The Disciplining Effect of Status: Evaluator Status Awards and Observed Gender Bias in Evaluations
Tristan Botelho & Marina Gertsberg
Management Science, forthcoming

Abstract:
We theorize that status awards will have a disciplining effect on evaluators, changing how they evaluate. Specifically, status awards will lead evaluators to place less weight on unreliable indicators of candidate quality, such as gender. We test this theory using data from restaurant evaluations on Yelp, focusing on the relationship between an evaluator’s restaurant rating and their reporting of being served by a man or a woman in their review text. We use Yelp’s evaluator status award (“Elite”) to analyze whether observed gender bias in the star ratings given to restaurants decreases after an evaluator receives this status award. We find that evaluators rate restaurants more similarly after receiving the award, regardless of whether they report being served by a man or a woman. Status awards in our context close the gender gap in restaurant ratings by 56.5% (a 0.07 stars improvement out of an initial rating gap of −0.13 stars). This reduction in gender bias is mostly due to a decrease in the number of extremely low (1 star) ratings in reviews that reference female servers. Research on status and evaluations has mostly focused on how evaluators react to increases in candidate status. We demonstrate the importance of evaluator status as a mechanism for decreasing observed gender differences in evaluations. 


Preference Reversals Between Digital and Physical Goods
Rhia Catapano, Fuad Shennib & Jonathan Levav
Journal of Marketing Research, forthcoming

Abstract:
The proliferation of digital goods has led to an increased interest in how the digitization of products and services affects consumer behavior. In this paper, the authors show that although consumers are willing to pay more for physical than digital goods, this difference attenuates — and even reverses — when consumers are asked to make a choice between the two product formats. This effect is explained by a contingent weighting principle: In willingness to pay, a quantitative task, consumers anchor on quantitative information (e.g., market beliefs). On the other hand, in choice, a qualitative task, consumers anchor on qualitative information (e.g., which good dominates on the most important attribute). These differences in contingent weighting result in physical goods being preferred in willingness to pay, but their digital equivalent being preferred relatively more in choice. The authors draw conclusions from ten pre-registered experiments and six supplemental studies using a variety of goods in hypothetical and incentive-compatible contexts, as well as within- and between-subjects designs. The paper concludes with a discussion of implications for the marketing of digital goods. 

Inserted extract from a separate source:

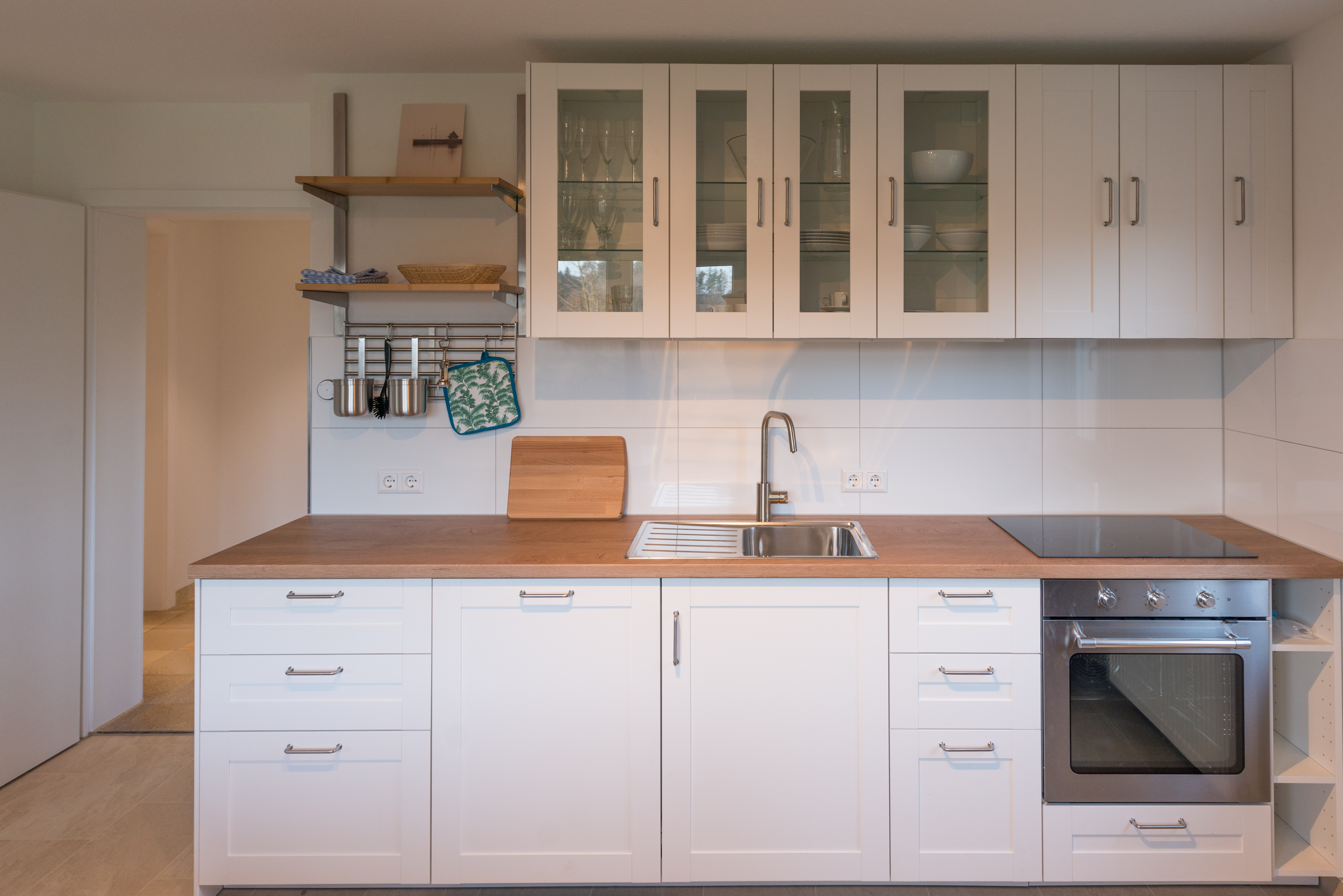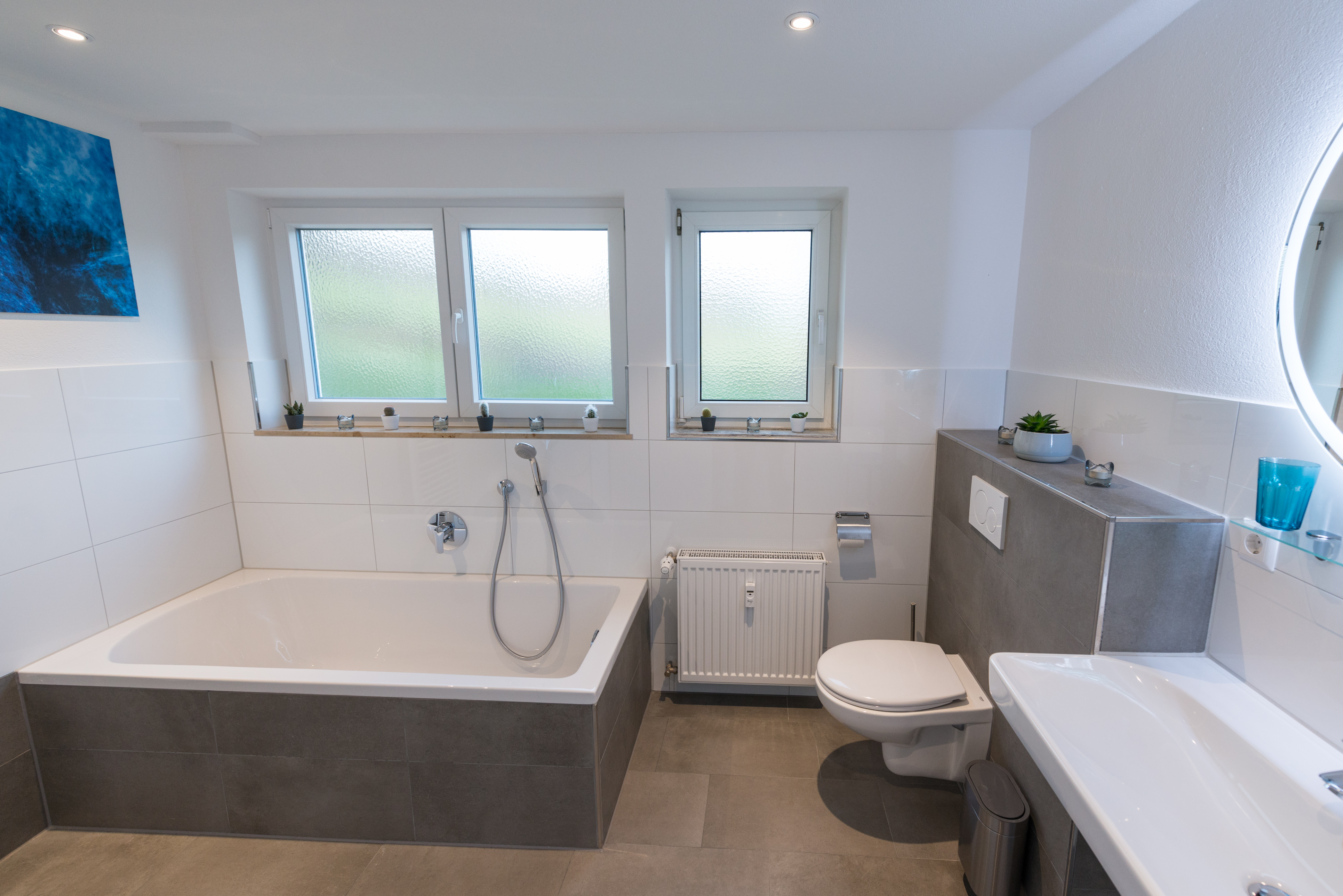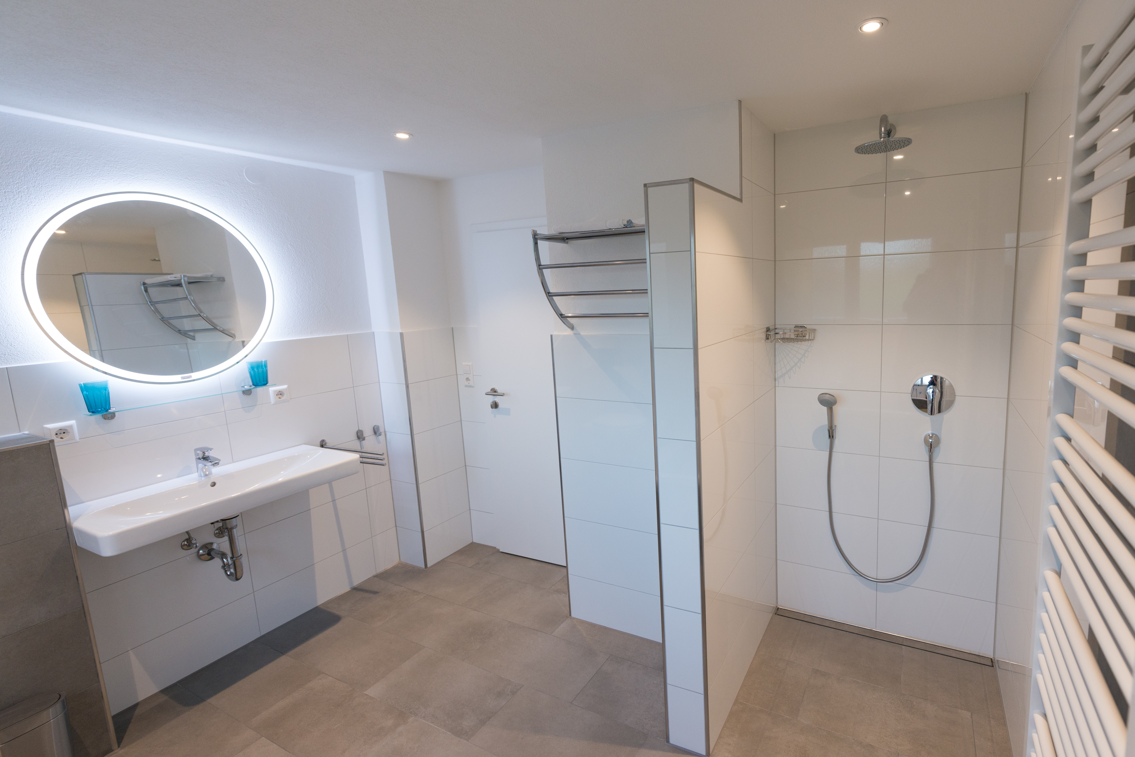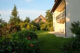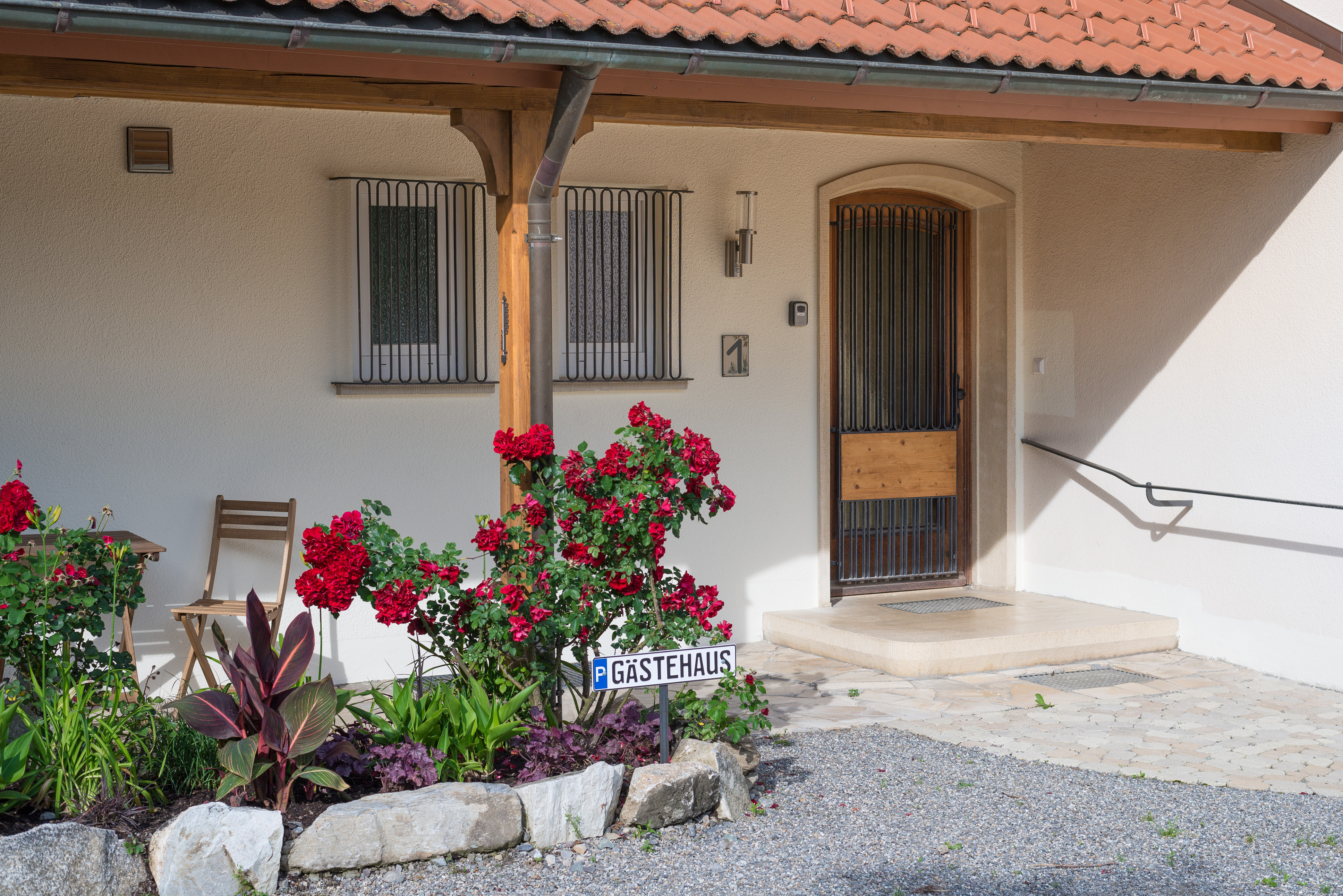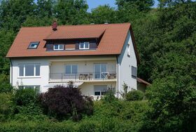Unsere frisch renovierte Ferienwohnung Rosa mit Vollholzparkett und Natursteinböden bietet im Erdgeschoss auf 105 qm für bis zu 5 Erwachsene ein hochwertiges Wohnambiente. Vom großzügigen Wohn/Essbereich mit SAT-TV gelangen Sie direkt auf Ihre private, von Wiesen und Obstbäumen umgebene Terrasse mit Grillmöglichkeit. In unserer neuen, voll ausgestatteten Küche mit Kühl-/Gefrierschrank, Backofen, Herd mit Cerankochfeld, Wasserkocher, Toaster,... können Sie sich Ihre Köstlichkeiten selbst zubereiten. Das neue Badezimmer lädt Sie ein, sich mit einer großen bodengleicher Dusche und einer Badewanne zu erholen. Das große Schlafzimmer ist mit einem komfortablen Doppelbett ( 180x200cm ) und einem Einzelbett ( 90x200 cm ) ausgestattet. Sie gelangen von hier ebenfalls direkt auf die Terrasse. Im zweiten Schlafzimmer stehen zwei Einzelbetten ( 90x200 cm ). Das WLAN  steht in der gesamten Wohnung kostenfrei zur Verfügung. Bettwäsche und Handtücher stehen in Hotelqualität zur Verfügung und werden professionell gereinigt. Aus Rücksicht auf andere Gäste sowie Bewohner des Hauses ist das Rauchen im ganzen Gebäude nicht gestattet. Haustiere sind nicht erlaubt. Fahrräder können Sie in der seperaten Fahrradgarage sicher abstellen. Eine Waschmaschine steht Ihnen zur freien Benutzung im Waschkeller zur Verfügung. Ebenfalls ist ein Trockenraum vorhanden. Jeder Wohnung steht ein seperater PKW- Stellplatz zur Verfügung.

Signaling Through Advertising When an Ad Can Be Blocked
Yuxin Chen & Qihong Liu
Marketing Science, forthcoming

Abstract:
The advance of ad-blocking technology is expected to have profound implications on the advertising industry. This paper makes the first attempt to understand the impacts of ad blocking on consumer’s ad avoidance and optimal reactions by advertiser and ad platform while advertising signals quality. We extend the standard models on ad signaling to the context of ad blocking. Our model incorporates both ad-production cost and ad-distribution cost, and allows ad quality (ad production) to impact consumers’ nuisance costs. We find that, counterintuitively, a lower ad-blocking cost may result in fewer consumers blocking ads and higher profit for the advertiser. This is driven by the signaling function of advertising. In particular, the ad platform reacts to lower ad-blocking cost by lowering the unit ad-distribution cost it charges, forcing the advertiser to spend more on ad production because ad-distribution cost alone is insufficient to signal product quality. The high ad-production cost may offset consumers’ disutility of ad viewing and result in fewer consumers blocking ads when ad blocking becomes less costly. We also confirm the robustness of this insight with various model extensions and discuss the implications of our findings.